This is a very shrewd game you're playing.
Since when in the history of the Orthodox Church have any schismatic (or heretical for that matter) group been considered martyrs for the faith? Since the ROAC IS schismatic....unless you believe it is the sole holder of the Orthodox faith or the branch theory.
A game, because you very subtly put only TWO possibilities (which you both are unacceptable to your opponent) forward - with of course the implication that they are the only two that are possible. There are also incredible assumptions involved in both.
a) You take it for granted (or assume we at least should take it for granted) that ROAC in fact is a schism. You'll have to do better than making such flip statements. To start, I'll simply ask what else you expected them to do when ROCOR backtracked on it's own past? In particular, how is ROCOR not fallen under it's own anathema ('83)?
If ROCOR has not in fact "changed", is not in fact guilty in the face of the standard which she herself created, then I'd be inclined to agree with your assessment of the ROAC. But really, what could they do (accepting, as supposedly all in ROCOR still do, the '83 anathema), given ROCOR's new insistance (despite what happened in '65) that she'd "never" been out of communion with the ecumenist/in-communion-with-ecumenist Serbian and Jerusalem Patriarchates, or the official adoption of the Kyprianite heresy ("holy heretics")?
I know what the apologetical line of the new-ROCOR is - that the anathema is only of local authority (binding only upon the ROCOR itself.) Whether one totally agrees with this or not is immaterial - for it is it's relevence to the activities of ROCOR itself which is problematic (for the anathema condemns those who are or who maintain communion with ecumenists) - and on both counts, materially and explicitely (respectively), the "new ROCOR" stands guilty, and unrepentant.

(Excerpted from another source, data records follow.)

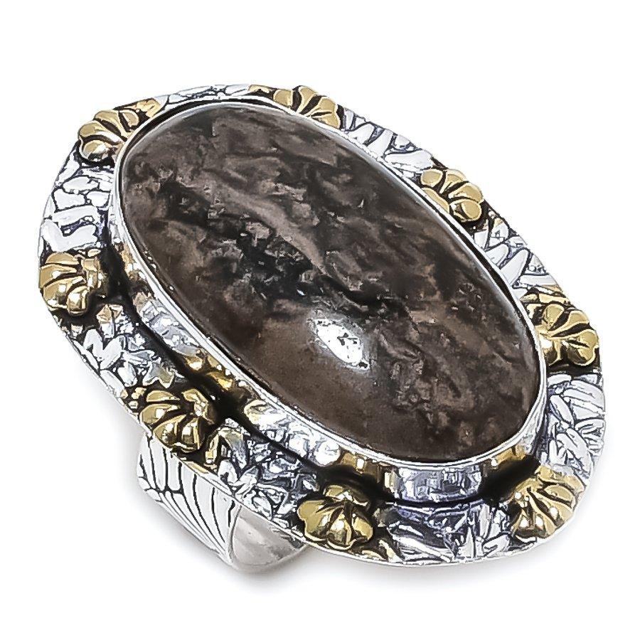 Африканский мох 925 стерлинговое серебро двухцветное ювелирное кольцо размер 8.5 m6W09
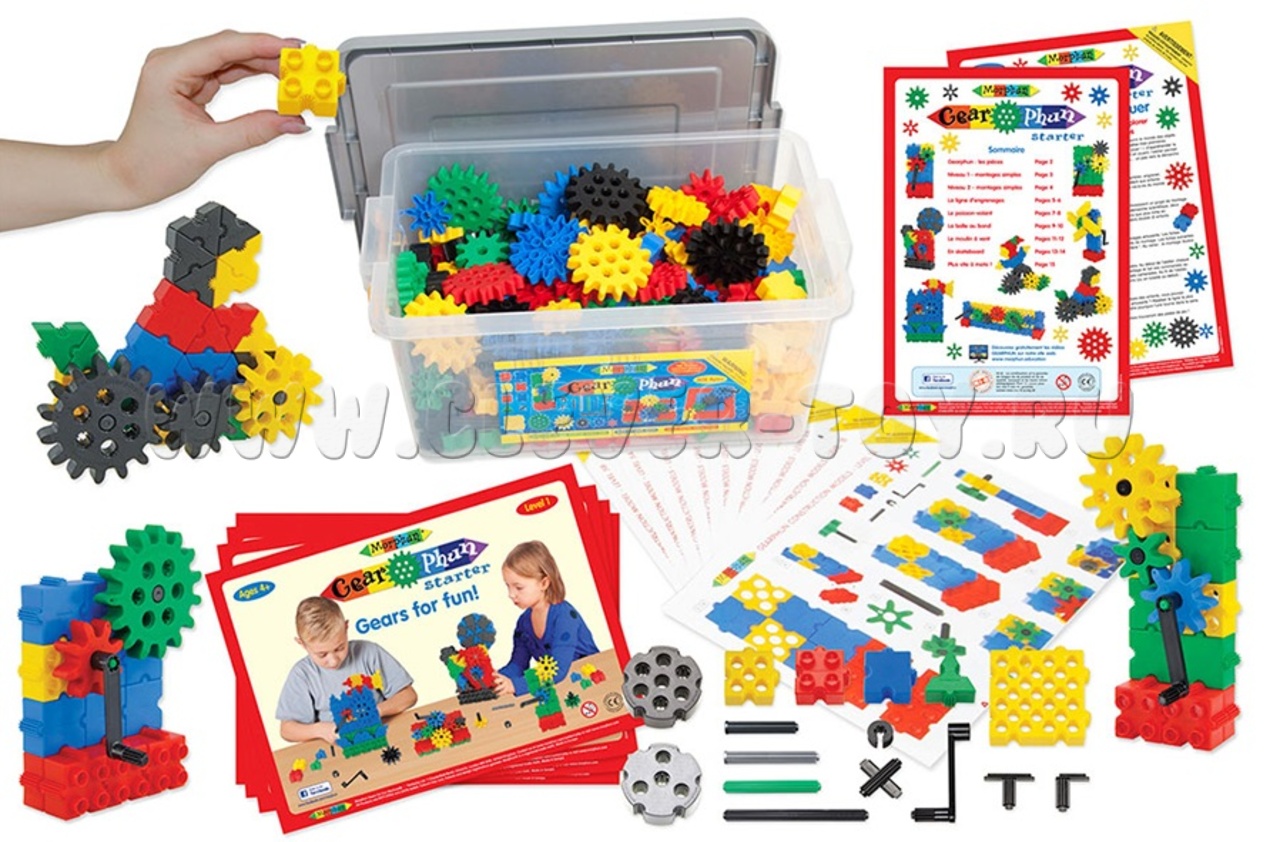 • В комплекте базовые детали, в том числе в форме колеса, шестерни, соединительные элементы;
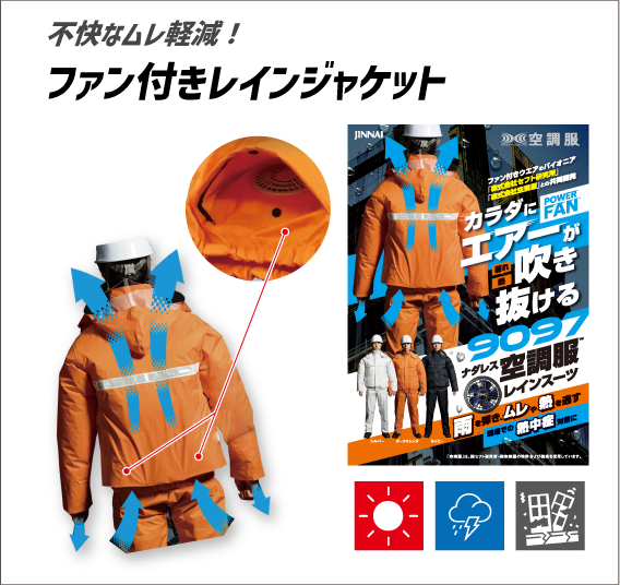 レインウェアにファンを搭載した新発想!雨を防ぎながら空気を循環させ、ムレを軽減。豪雨時の熱中症対策にも活躍する一着。

Given these facts, what was to be done? Particularly when it became very apparent that there was no more good to be done by pleading for a change of heart?
These are the kind of substantial things you should be delving into, sine a flip statement does nothing good - it is, at best, preaching to the choir. Which is fine, but that's not your audience here (those who already agree with you on this subject.)
b) You pose that if the ROAC doesn't think this way (and by extension, could we lump the GOC's in here as well?), then it MUST believe itself to be the only Church of Christ left. She just has to - no other possibility. Such haughty insistance can have the appearance of being conclusive, but really it's just bluster that needs to be seen through.
You don't offer the possibility (which is closer to the truth) that the ROAC knows where She stands with a good conscience, and at this point in time maintains varying degrees of agnosticism about others, with the full hope that formal ties can be formed. Should that happen, it would signal either a recognition of a spiritual unity and grace that was already there, or it would be the result of another party repenting and being added to the Church. The former is definately a possibility, since the ROAC finds itself a remnant of a another (now fallen) ecclessial body - which in turn had gone out of it's way to alienate a lot of people before finally betraying the Truth. Thus, that it will take some time for all of these things to be worked out should be understandable. Orthodoxy is ultimatly dependent on actually being in the Church - which is a matter both of canonical foundation, and confession. Not included in such an assessment, is simply "being" because one has met up with and submitted to all of the right people. Thus, the key difference between papist and Orthodox ecclessiologies.
It is ironic how many hardliners in the traditionalist camp actually hodl the branch theory in some form believing that various synods which have anathamatized eachother all are gracefilled.
you speak as if the above is universally the situation (a bunch of mutually anathamatizing groups). Such is not the case, particularly from the ROAC's vantage point.
as an aside, save for the Matthewites (who truly are isolated), none of the GOC's or ROAC for that matter, believe that grace is lost immediately when a heirarch goes into heresy. It takes time for the error to be assimilated into the body itself, or for those who are not assimilated by it to at least realize what is going on (and thus have an obligation to abandon said error.)
BTW., it's my understanding you're GOA. I'm curious as to why you have space to say anything at all, at least without being profoundly hypocritical?